Distributed Transaction Solutions: Two‑Phase Commit, Message Queues, and RocketMQ Implementation
The article explains how to guarantee data consistency across distributed systems by using local transactions, two‑phase commit protocols, message‑queue based eventual consistency, deduplication techniques, and practical RocketMQ transactional messaging code examples in Java.
When a user transfers money from an Alipay account to a YuEBao account, the system must ensure that both the debit and the credit succeed; otherwise data inconsistency occurs. This problem appears in many domains such as e‑commerce order processing and advertising billing.

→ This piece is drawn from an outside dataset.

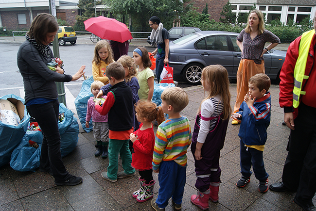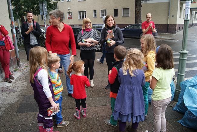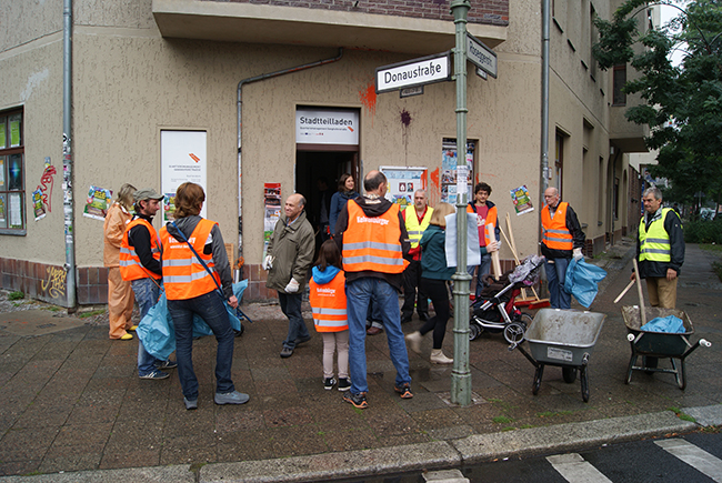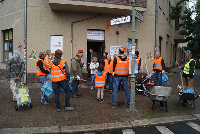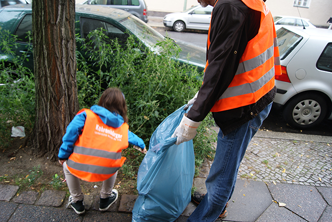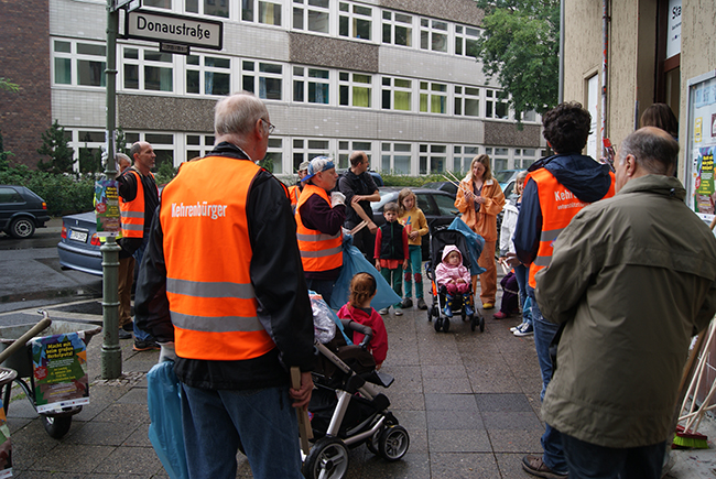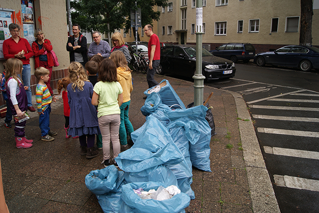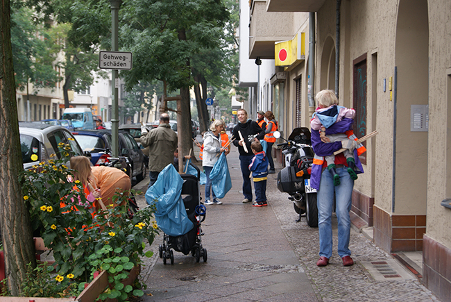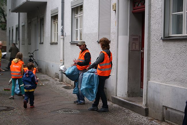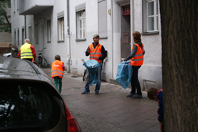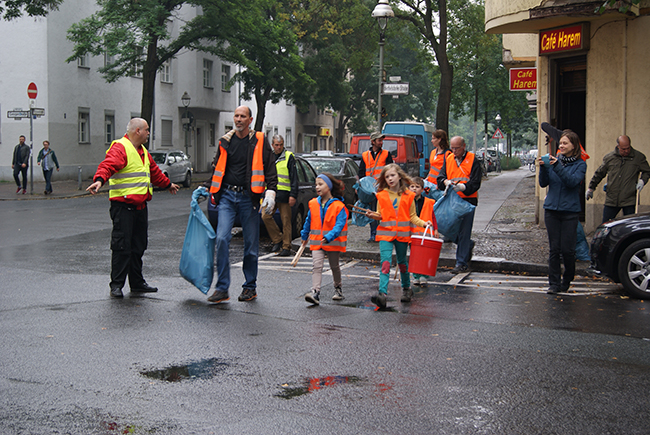 Das Wetter war schlecht, aber die Motivation war gut: Trotz Nieselregens sammelten viele - vor allem junge - fleißige Helfer wieder tütenweise Müll im Kiez. Diesmal wurde sogar ein Geldschatz gefunden!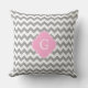 Gray Wht Chevron Pink Quatrefoil Monogram Kussen

Fundamentally, the issue can be abstracted as: after updating one table, another table must also be updated successfully. In a single‑machine setup, a local transaction can solve this problem easily.
For large‑scale systems where the involved tables reside on different database instances, local transactions are insufficient. Two mainstream solutions are presented:
1. Distributed Transactions – Two‑Phase Commit (2PC)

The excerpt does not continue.